Si è conclusa la procedura di interpello per il conferimento dell’incarico di Direttore generale della Direzione pesca marittima e acquacoltura del Ministero dell’agricoltura, della sovranità alimentare e delle foreste, struttura centrale per il coordinamento delle politiche nazionali del settore ittico.
L’iter è stato avviato il 7 ottobre 2025, in vista della scadenza dell’incarico dell’attuale direttore generale, Francesco Saverio Abate, fissata al 31 dicembre, con l’obiettivo di garantire continuità amministrativa ed evitare un vuoto alla guida della Direzione.
Alla procedura hanno partecipato nove candidati, tutti dirigenti in possesso dei requisiti previsti dalla normativa, tra cui esperienza nella gestione di strutture complesse, competenze in materia di politiche agricole e della pesca e conoscenza del contesto europeo e internazionale. Le candidature sono state valutate sulla base dei criteri stabiliti dal decreto ministeriale che disciplina il conferimento degli incarichi dirigenziali di livello generale.
Al termine dell’istruttoria tecnica, la proposta di incarico è stata formulata in favore della dottoressa Graziella Romito. Il nominativo è stato quindi trasmesso al Ministro per il successivo inoltro alla Presidenza del Consiglio dei Ministri, cui spetta la formalizzazione dell’incarico.
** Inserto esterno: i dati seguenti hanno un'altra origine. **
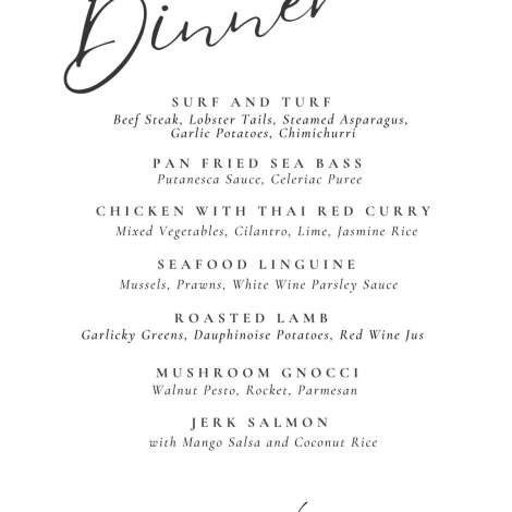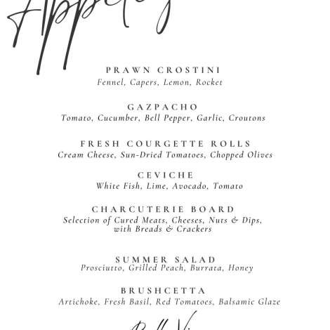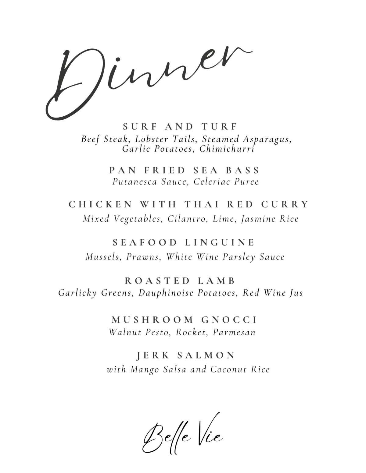 Thank you for a wonderful week! Your hospitality was excellent. We enjoyed the meals and appetizers so much. The variety of food added to a great dining experience. All the presentations were exceptional. We enjoyed getting to know you both and wish you best of luck in all your future endeavors!

La Direzione generale della pesca marittima e dell’acquacoltura (PEMAC) svolge un ruolo centrale nella definizione delle politiche pubbliche del settore, dalla gestione delle risorse marine alla regolamentazione dell’acquacoltura, fino al coordinamento con le istituzioni europee e internazionali. In un contesto segnato da transizioni normative, sfide ambientali e trasformazioni dei mercati, la stabilità della governance amministrativa assume un rilievo strategico.
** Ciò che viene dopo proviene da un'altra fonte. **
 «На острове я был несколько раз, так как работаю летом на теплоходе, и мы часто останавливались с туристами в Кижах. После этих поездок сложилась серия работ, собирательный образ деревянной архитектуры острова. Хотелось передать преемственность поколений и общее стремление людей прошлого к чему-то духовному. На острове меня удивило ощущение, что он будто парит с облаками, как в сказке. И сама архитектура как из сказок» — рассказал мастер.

Con la conclusione della procedura di interpello, il percorso verso la nuova direzione della PEMAC entra ora nella fase finale, in attesa del completamento degli adempimenti istituzionali.
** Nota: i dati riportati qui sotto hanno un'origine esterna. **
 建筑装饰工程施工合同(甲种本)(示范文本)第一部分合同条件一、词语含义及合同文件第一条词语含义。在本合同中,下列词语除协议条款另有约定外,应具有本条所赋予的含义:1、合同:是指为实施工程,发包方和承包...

Graziella Romito, 54 anni, è una dirigente di lungo corso della pubblica amministrazione con una solida esperienza maturata all’interno del Ministero dell’agricoltura, della sovranità alimentare e delle foreste. Laureata in Giurisprudenza, ha costruito il proprio profilo professionale seguendo da vicino i principali dossier europei, occupandosi di politiche agricole, rapporti con le istituzioni UE e gestione di strutture amministrative complesse. Nel corso degli anni ha rappresentato l’Italia in contesti comunitari e multilaterali, sviluppando competenze riconosciute nei negoziati e nella governance delle politiche pubbliche. Un percorso tecnico-istituzionale che oggi la porta alla guida della Direzione generale della pesca marittima e dell’acquacoltura, in una fase delicata per il settore.